Hutchinson opposes the Charter and its judicial application not only because he thinks it fundamentally dishonest, but, more importantly, because he thinks the dishonesty runs mainly in one ideological direction. He inhabits the far left of the political spectrum and believes that justice requires the revolutionary transformation of social structures. From this vantage-point, the problem with Charter rights is that they always tilt toward the status quo. True, because rights are largely indeterminate vessels, left-leaning content could in principle be poured into them. However, the judges who must do the pouring cannot be relied upon. Even the appointment of more women and minorities to the bench won't change its upper-class character, and thus its tendency to support, not overthrow, the status quo. A "truly diverse judiciary," he argues, "can only occur after a dramatic change in the political structure and substance of society." Pursuing judicial diversity in the present circumstances gives the appearance, not the reality, of change, and can succeed only in diverting energy and resources from the essential task of structural transformation.

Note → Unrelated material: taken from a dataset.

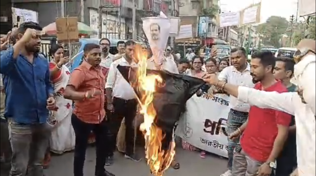 বরাক তরঙ্গ, ১৮ এপ্রিল : শিলচরে মহিলা সংরক্ষণ বিলকে কেন্দ্র করে উত্তাল রাজনৈতিক পরিবেশ। বিলের বিরোধিতাকে নারীর সম্মানের উপর আঘাত হিসেবে উল্লেখ করে কংগ্রেসের বিরুদ্ধে প্রতিবাদ কর্মসূচি পালন করল ভারতীয় জনতা পার্টির কাছাড় জেলা মহিলা মোর্চা। শনিবার বিজেপি কাছাড় জেলা মহিলা মোর্চার উদ্যোগে আয়োজিত এই কর্মসূচিতে একটি প্রতিবাদ মিছিল জেলা বিজেপি কার্যালয় থেকে বের হয়ে শহরের বিভিন্ন পথ পরিক্রমা করে ক্ষুদিরাম মূর্তির সামনে এসে শেষ হয়। সেখানে বিজেপি কর্মীরা কংগ্রেস নেতা রাহুল গান্ধীর কুশপুতুল দাহ করেন এবং কংগ্রেস ও তৃণমূল কংগ্রেসের বিরুদ্ধে স্লোগান তোলেন।

The same diversion would occur, moreover, even if judges did pour left-leaning content into Charter rights. Freedom of expression, for example, might be interpreted to include the right to beg. While this might be an improvement of sorts, it would be a very small one and would obscure the more fundamental question. A right to beg assumes the inevitability of beggars, and thus legitimates the poverty that causes begging "rather than working to eradicate it." Beggars are not saved by institutionalizing them through a right to beg; they "are only saved when they no longer exist." Rights may be indeterminate, and thus open to manipulation and appropriation, but Hutchinson thinks they "are more amenable to some appropriations and manipulations than others." They have an ideological inclination. Rights are not, in other words, as radically indeterminate as some of his rhetoric might suggest.

One does not have to share Hutchinson's leftist political commitments-and I do not-in order to find his book much meatier and challenging than Beatty's. He wants to free from legalistic obfuscation the bedrock question of "what is the proper and best way to live." In particular, he wants to challenge liberalism, and especially its distinction between public and private, as representing the best way of life. Denying that the public-private distinction is a way of institutionalizing neutrality between human purposes, he believes, with William Galston, that there are "liberal purposes". Liberalism promotes a way of life and Hutchinson hates it. He despises, and works to undo, liberal constitutionalism. Whether liberal constitutionalism, and the liberal way of life, are defensible is indeed a question of enduring interest and importance, and he is to be commended for cutting to the chase. He helps us to see why liberalism must defend itself not only against its avowed enemies, such as Hutchinson himself, but also against its more legalistic friends. Fortunately, liberal constitutionalism has greater resources than either of these writers imagines. In particular, its resources are rich enough that it can do without judicially enforceable bills of rights. Both Beatty and Hutchinson are wrong to place the Charter at the heart of Canada's liberal constitutionalism.

Rainer Knopff is a professor of political science at the University of Calgary.